Направляясь к навесу, под которым стояли велосипеды, я немного уклонился в сторону. Да, вот она. Наша маленькая «клио». Никаких следов моих каллиграфических усилий на капоте не осталось. Чертовы ученые. И кстати, что это за гадость такая, «Фреон»? Я нагнулся, чтобы завязать шнурки. Весь день проходил с развязанными – знаете, как оно бывает с полуботинками? – боковины их становятся от долгой носки мягкими, отвисают, и шнурки то и дело заваливаются внутрь, тебе под пяту, обращая тебя в вечную принцессу на горошине.
Привет! Концы шнурка правого ботинка оказались снаружи, ни один внутрь не улез. Значит, это ко мне в башмак какой-то камушек заскочил, что-то же впивается там в ступню.
Мать честная! Одна из оранжевых пилюлек Джейн. Месть Жермена. Надо бы вернуться и…
На хрен. Я сунул таблетку в бумажник. Может, скормлю ее соседскому кролику. Тихий смешок.
Я ехал, с накрепко завязанными шнурками, по Мэдингли-роуд и составлял в уме список. Еда, вино, настоящий кофе, бумага для принтера, потом домой, снова отпечатать «Meisterwerk», вернуться с отпечатанным в город, к Фрейзер-Стюарту, а после, ну да, заскочить к этому типу, к Цуккерману…
Как обрести свободу
Приземление орлицы
– Тужьтесь, женщина! Тужьтесь! Четвертые, вы говорите?
Алоиз кивнул и с отвращением взглянул вниз.
– Послушай меня, Клара… послушай!
Клара его не слышала.
– Клара! – самым строгим своим тоном произнес, склоняясь над ней, Алоиз.

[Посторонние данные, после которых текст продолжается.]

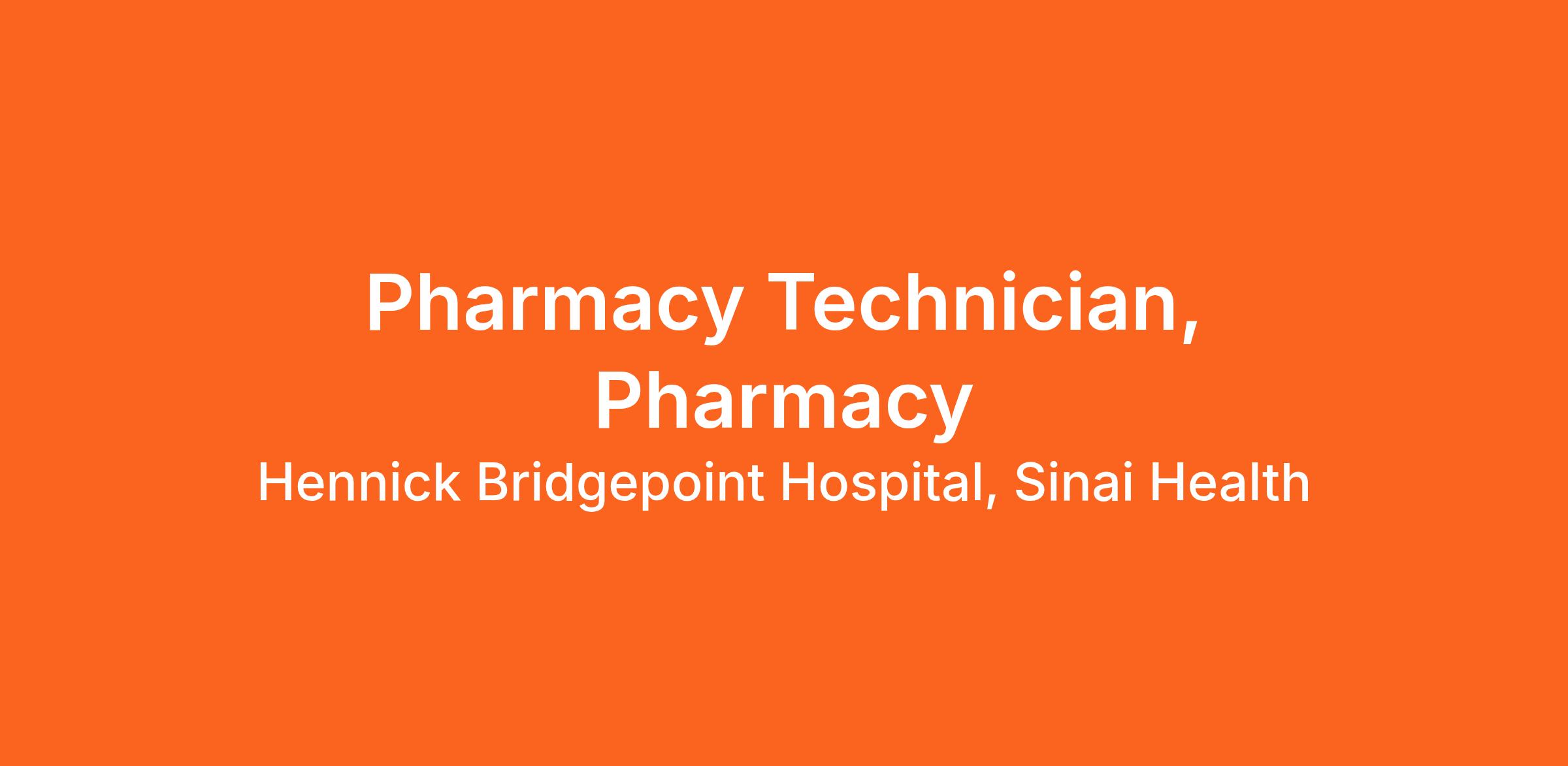 At Sinai Health, we care, create possibilities and offer hope. We are looking for a Pharmacy Technician to support our Pharmacy department.

Но Клара пребывала во множестве миль отсюда. Снимаясь с гор, паря над озерами и деревнями, опускаясь на шпили церквей, на миг сжимая когтями яркие золотые купола и вновь отдаваясь ветру, взмывая все выше и выше.
Подошел и встал рядом с Алоизом доктор.
– Если она уже рожала три раза, сильной боли быть не должно – даже без столь почтенной порции лаунданума.
Вот этим словам проникнуть в замутненное опиумом сознание Клары удалось. Боль? Да никакой боли и нет, внутренне усмехнулась она. Никакой боли, один лишь восторг! Радость! Чистая, вольно парящая радость!
Новая колоссальная схватка спирально вознесла ее превыше самой высокой горы. Вся Европа лежала под ней, без таможенных постов, без рубежей и границ. Звери рыскали там на приволье. Как ни высоко залетела она, движение малейшей полевки или бабочки различалось ею с совершенной ясностью, Клара слышала шуршание земли, с которым в двенадцати милях под ней вылезал из норы кролик, вглядывалась в каплю росы, свисавшую с крошечной травинки. Повелительница пространства и времени, владычица всего сущего. И Клара, испустив пронзительный вопль радости, понеслась кругами, с востока на запад, с севера на юг, и земля летела под ее великанскими крыльями, купаясь в чистой, безграничной свободе.
– Бог мой, Шенк, кровь! У нее никогда раньше не было столько крови! Что-то не так?
– Ничего, сударь. Ничего, уверяю вас. Головка у младенца большая, простой разрыв гименальной мышцы, не более того.
Клюв орленка яростно бьет о стенки яйца. Эта будет жить. Я чую ее силу. Ее железную волю. Моя дочь, орлица, которую я выращу способной одарить меня свободой.
– Клара! Ради всего святого! Как она кричит! Вы уверены, что дали ей достаточно?
– Для первого раза доза была просто огромной. Чуть больше, и она впала б в бесчувствие. Ага, выходит. Да, выходит! Еще одно усилие, Клара.
Она свободна! Она вышла в мир! Свободна! Вслушайтесь в ее страстные вопли! Сила! Воля! Воля к жизни, воля к страсти. Она будет жить, сильная, а я буду любить ее сильнее, чем какое-либо живое существо любило когда бы то ни было свою дочь.
– Ха-ха! – гоготнул Алоиз. Он, никогда не смеявшийся, теперь хохотал. Он тоже почувствовал это. Проникся величием момента.
Доктор Шенк пригладил влажные пряди волос, оставив на лбу Клары полоску крови шириной в большой палец.
– Поздравляю, дорогая моя. Вот ваше дитя. Крепенькое, как дуб.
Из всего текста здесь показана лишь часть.